Sadly enough, as I have become a believer in our co-op, it is being disbanded. Dylan is moving to Illinois, and taking his parents with him. Taylor’s family will be gone next year, too, on sabbatical in Colorado. Maggie has taken a job in Cincinnati, just an hour away, but there will be, I fear, weeks at a time when we won’t see her. I know that our co-op has had a profound effect on the children. Dylan has learned compassion, and Teddy assertiveness, and they have both learned to use language to settle their differences and express their love. Taylor has learned to share, and to stand up for herself in the presence of men, tiny men though they be. They have all learned how to pedal their bikes and how to walk on a balance beam, and how to use the potty at a friend’s house. I’m sure they would have learned much of this without each other’s help. I’m not sure they would have learned all of it.

The co-op has been good for the caretakers, too, three of whom managed to finish their dissertations knowing that the children they loved were being looked after by grownups they trusted.
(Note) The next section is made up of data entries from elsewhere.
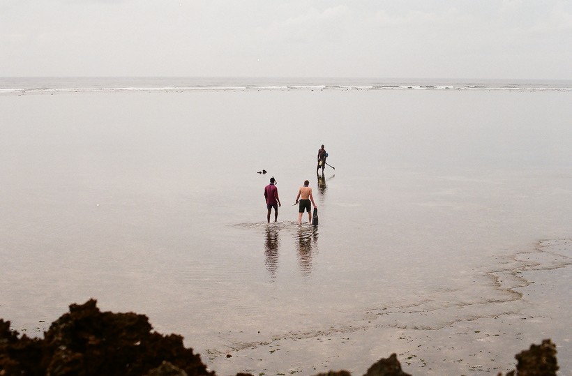 Итак, как происходит такая охота. Сначала надо пешком миновать приливно-отливную зону. Глубина примерно по колено, под ногами очень острые и скользкие камни. Поэтому идти обязательно в тапках. Так как вдоль рифа присутствует нехилое течение, его нужно учитывать и подняться значительно выше, иначе унесет далеко в океан.
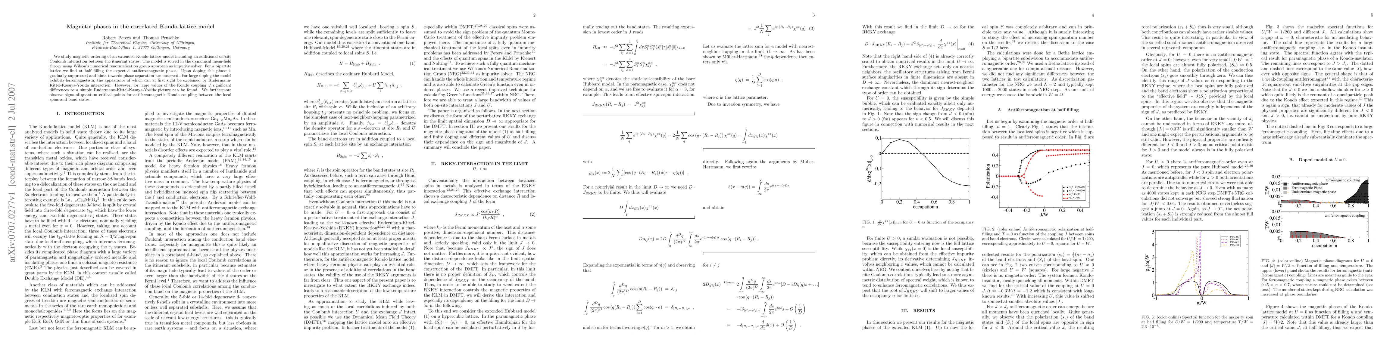 The paper presents a detailed analysis of magnetic phases in the correlated Kondo-lattice model using advanced computational techniques, DMFT and NRG, providing insights into the interplay between itinerant electrons and localized spins.
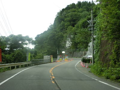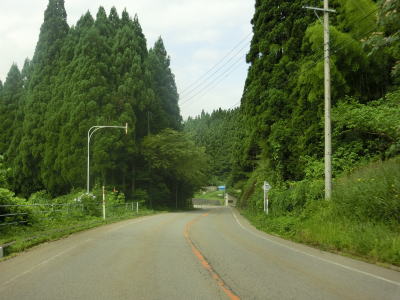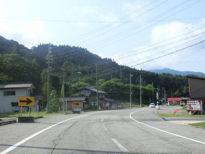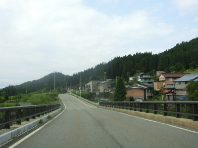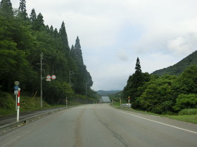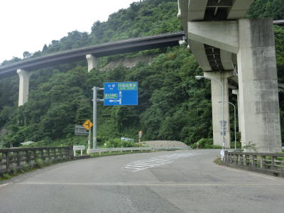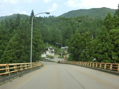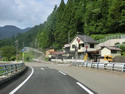 | R257・R472三尾河交差点から100m程先に1.0車線幅の道路との交差しているが、ウオッちずではその道路も国道として表記している。三尾河交差点にすら案内標識がなかったので当然ながらこちらにも案内標識は設置されていない。三尾河集落の南端部でやや急なカーブが連続しているが、走りにくく感じる程ではない。黒谷集落に入るとE41東海北陸道の黒谷橋をくぐる。 | ||
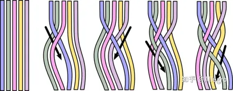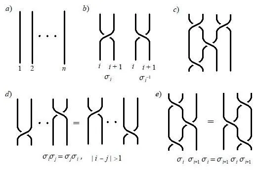 \(\sigma_i\) is an operation which connects \(i\)th end to \(i+1\)th end, and the string start from \(i\)th end is beneath the string from \(i+1\)th. Just like anyons, the operation which makes the string travel across the string is topologically in-equilibrium to the previous, which is denoted as \(\sigma_i^{-1}\).
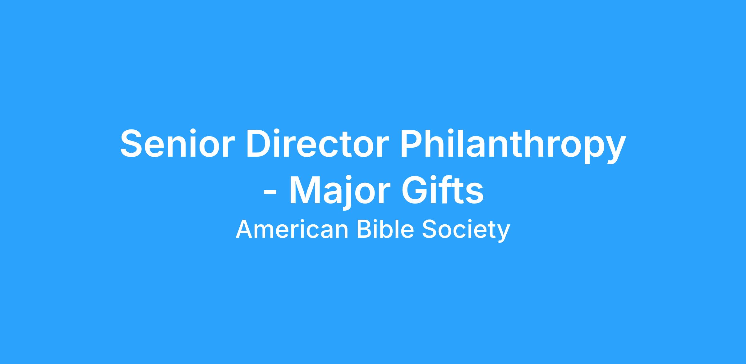 American Bible Society has historic roots, global reach, and a vision for engaging a new generation of Bible advocates. We are seeking talented, motivated, and collaborative people to come alongside us as we share the life-changing message of the Bible into our third century of ministry. The Senior Director of Philanthropy-Major Gifts will work collaboratively with the Chief Development Officer and senior leaders across the organization to develop and implement comprehensive major gift strategies that meet or exceed annual revenue goals in support of American Bible Societyβs mission and ministry. This role is responsible for identifying, qualifying, cultivating, soliciting, and stewarding high-capacity donors and prospects, including those with the capacity to make annual gifts of $10,000 or more, while providing strategic leadership to strengthen the overall major gifts program.

Maggie was able to experience some of the joys and terrors of being around two year olds. Taylor’s mother, Ann, had time to devote to her job as a bookkeeper and to her art. That piece of paper — the one with the plus column and the minus column? As I sit with it here before me, I can’t find much to put on the minus side. There were those spring rolls, but Auntie Mai still loves me. I was over to see her just the other day.

In fact, some of the most profound effects of this childcare co-op have been on me. I have had what too few fathers have: the chance to spend at least one full day every week with my son and his pals. As the summer has passed, and Jill’s dissertation deadlines have grown imminent, I have taken over some of her days, too. I have come to love the videos, the naps, the swimming and gymnastics lessons. My life has changed.

I will always resist the temptation to make a complicated decision seem like a simple one, but I have chosen to leave my job at the university. There’s a little bakery in my town, and I can get an early shift there that will let me get home by mid-morning. I’m going to have to do some recruiting, but I know there are more children out there who would love to play with Teddy and me in our sandbox, and parents who need to trade a day filled with children for two days off in which they can do their own work.